**Exercise objective**:
Leave the images aside and copy out the whole listing, exact to the word.

**Information provided**:
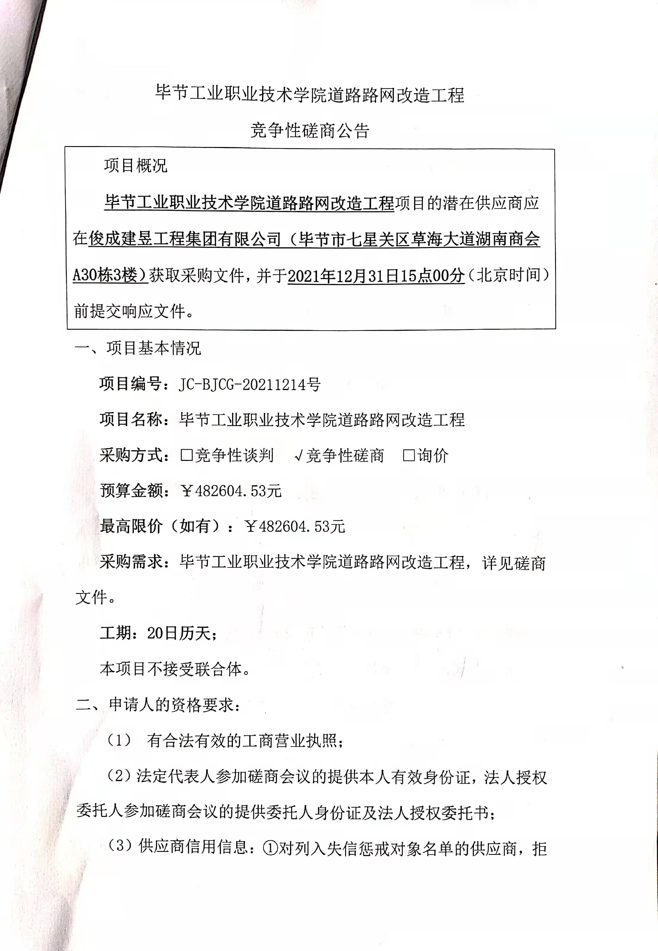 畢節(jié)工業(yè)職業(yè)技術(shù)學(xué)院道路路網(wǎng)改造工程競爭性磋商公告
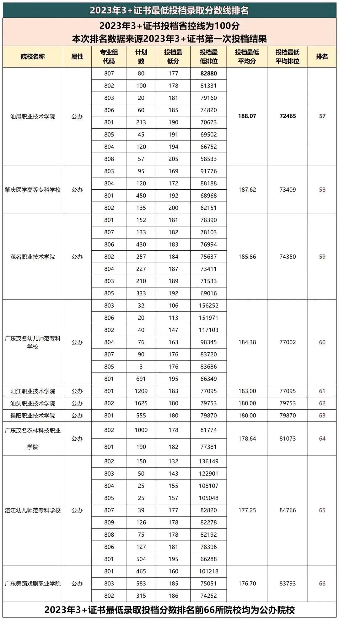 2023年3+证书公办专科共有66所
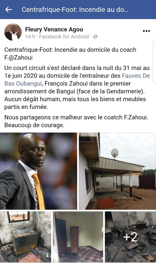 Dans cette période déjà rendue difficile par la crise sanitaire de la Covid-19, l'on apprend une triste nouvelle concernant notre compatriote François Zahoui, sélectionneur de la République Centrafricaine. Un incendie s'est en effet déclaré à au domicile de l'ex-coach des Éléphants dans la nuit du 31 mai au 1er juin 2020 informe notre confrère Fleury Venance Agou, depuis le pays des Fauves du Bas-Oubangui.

**Written answer**:
 畢節(jié)工業(yè)職業(yè)技術(shù)學(xué)院道路路網(wǎng)改造工程競爭性磋商公告
 2023年3+证书公办专科共有66所
 Dans cette période déjà rendue difficile par la crise sanitaire de la Covid-19, l'on apprend une triste nouvelle concernant notre compatriote François Zahoui, sélectionneur de la République Centrafricaine. Un incendie s'est en effet déclaré à au domicile de l'ex-coach des Éléphants dans la nuit du 31 mai au 1er juin 2020 informe notre confrère Fleury Venance Agou, depuis le pays des Fauves du Bas-Oubangui.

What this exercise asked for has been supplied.